Yes, I know that about Noga, but their website is extremely not user friendly.

Glenn


----------



## GAtkins (May 20, 2016)

I'm most interested in using the back lug to mount the indicator such that the plunger points straight out of the Noga.

Glenn


----------



## Bob Korves (May 20, 2016)

Do you have a 5/16" adapter post for the lug back?


----------



## GAtkins (May 20, 2016)

No I don't, but that's the exact setup I'm looking for.  Where's the best place to get stuff like that for different configurations?

Thanks again Bob.

Glenn


----------



## kd4gij (May 20, 2016)

I usually find things like that hiding in a piece of round stock. Just turn to size drill and tap


----------



## GAtkins (May 20, 2016)

Unfortunately, I'm doing things a little backwards.  I'm taking the lathe/mill class at the VoTech using industrial sized machines and accumulating tools now with the intention of getting a mini-lathe later this year.

Glenn


----------



## Bob Korves (May 20, 2016)

Interestingly, this:
http://www.flexbar.com/shop/pc/LUGBACK-ADAPTOR-p4999.htm
is about all I see after a couple simple searches.  I have several of them, different sizes, got them in tool lots, never paid much attention to them.  I am with kd4gij, it is simple enough to make, as simple as a 5/16" (or whatever size you are looking for) bolt with an unthreaded shank long enough to act as the post, and two jam nuts and flat washers to mount it to the lug back.  Tools required:  hack saw and file.  Source of materials:  local hardware store.


----------



## royesses (May 20, 2016)

Here are 2 more sources for the lug adapter stud:
http://www.mscdirect.com/product/details/86422466
http://www.amazon.com/Starrett-Indicator-Attachment-Magnetic-Holder/dp/B0161BDQO8

If you are in a hurry the Harbor Freight cheap magnetic base comes with one.


----------



## Steve Shannon (May 20, 2016)

GAtkins said:


> Unfortunately, I'm doing things a little backwards.  I'm taking the lathe/mill class at the VoTech using industrial sized machines and accumulating tools now with the intention of getting a mini-lathe later this year.
> 
> Glenn


Great! This is a perfect project for you to do in class!


----------



## GAtkins (May 20, 2016)

Steve Shannon said:


> Great! This is a perfect project for you to do in class!

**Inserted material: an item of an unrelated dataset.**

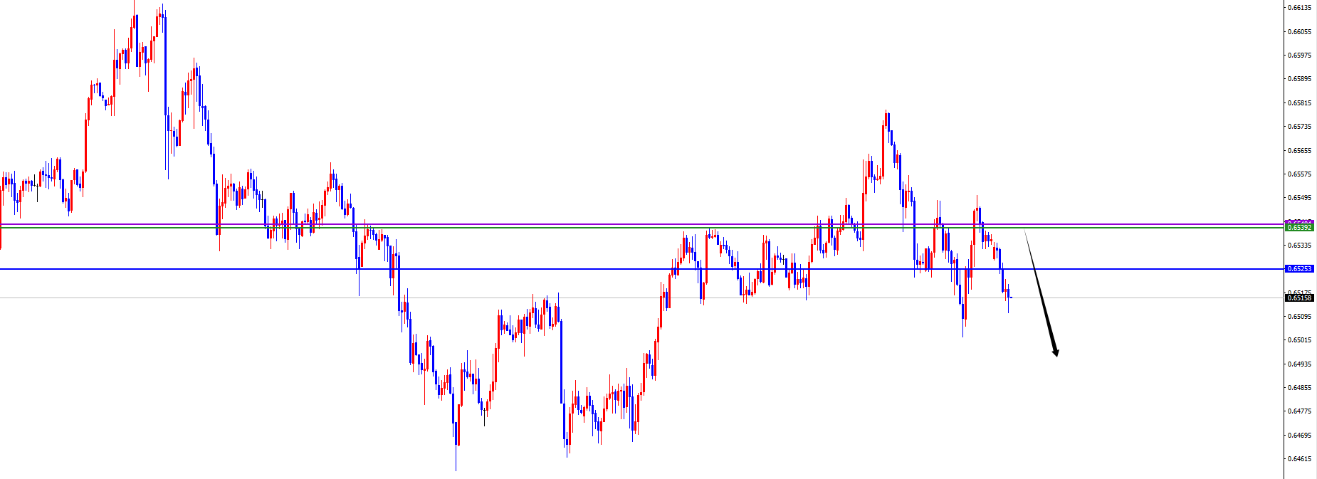 关键分水岭0.6530-40区间,价格没有出现反转之前先看空

That's actually a good idea.  We're actually making a mill stop.

Glenn


----------



## Steve Shannon (May 20, 2016)

I commend you for taking classes. I bought a Unimat right about the time I graduated high school. I played with it a lot, but never knew what to do and more importantly what not to do until I signed for adult-ed machine shop some ten or twelve years later. You'll have much better formed ideas about your mini-lathe as a result.


----------



## kd4gij (May 20, 2016)

:+1:  Steve beat me to it.


----------



## GAtkins (May 20, 2016)

Steve Shannon said:


> I commend you for taking classes. I bought a Unimat right about the time I graduated high school. I played with it a lot, but never knew what to do and more importantly what not to do until I signed for adult-ed machine shop some ten or twelve years later. You'll have much better formed ideas about your mini-lathe as a result.



Thanks.  That's what I was thinking too, as the skills are directly transferable, except for the dreaded manual change gears on the minis.

Also guys, thanks a ton for the links...much appreciated.

Glenn


----------



## Bob Korves (May 21, 2016)

royesses said:


> Here are 2 more sources for the lug adapter stud:
> http://www.mscdirect.com/product/details/86422466
> http://www.amazon.com/Starrett-Indicator-Attachment-Magnetic-Holder/dp/B0161BDQO8
> 
> If you are in a hurry the Harbor Freight cheap magnetic base comes with one.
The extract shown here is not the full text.